• Home
  • The History of the Lottery

The History of the Lottery

The Lottery has been around for a long time. In the New York lottery’s first year, it grossed $53.6 million, attracting residents of other states to purchase tickets. By the end of the decade, twelve more states had their own lotteries. During this time, the Lottery became a popular method of funding public projects without raising taxes and gaining the approval of Catholic populations that were generally tolerant of gambling activities.

A study done by the Council of State Governments in 1999 shows that lottery approval has increased in the last decade, with seventy percent of adults favoring the idea.

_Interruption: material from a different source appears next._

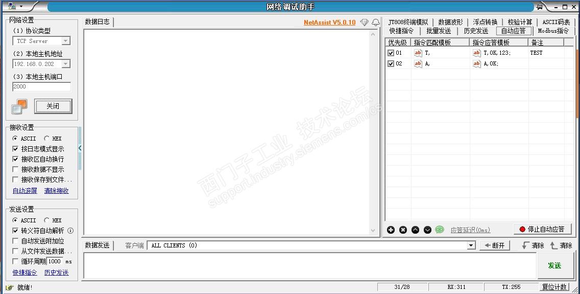 NetAssist已经运行了,我再用NetAssist新建一个client 是可以和Server通讯的,就是用PLCSIM无法和NetAssist server通讯。

In addition to the states that have started lottery games, other states that have introduced them include Colorado, Georgia, Louisiana, and Oregon. The most recent year to measure lottery approval is 2000, although it may vary depending on the state’s legislature. Although the Gallup Organization’s findings are encouraging, the numbers don’t necessarily reflect the current state of public sentiment.

The practice of holding a lottery dates back to ancient times. Old Testament scripture instructs Moses to make a census of the people of Israel, and then divide the land by lot. A lottery conducted by a group will gain more media attention than a solo win, but the group-winning approach is less likely to cause disagreements. A recent National Gambling Impact Study Commission report notes that most colonial-era lotteries were largely unsuccessful.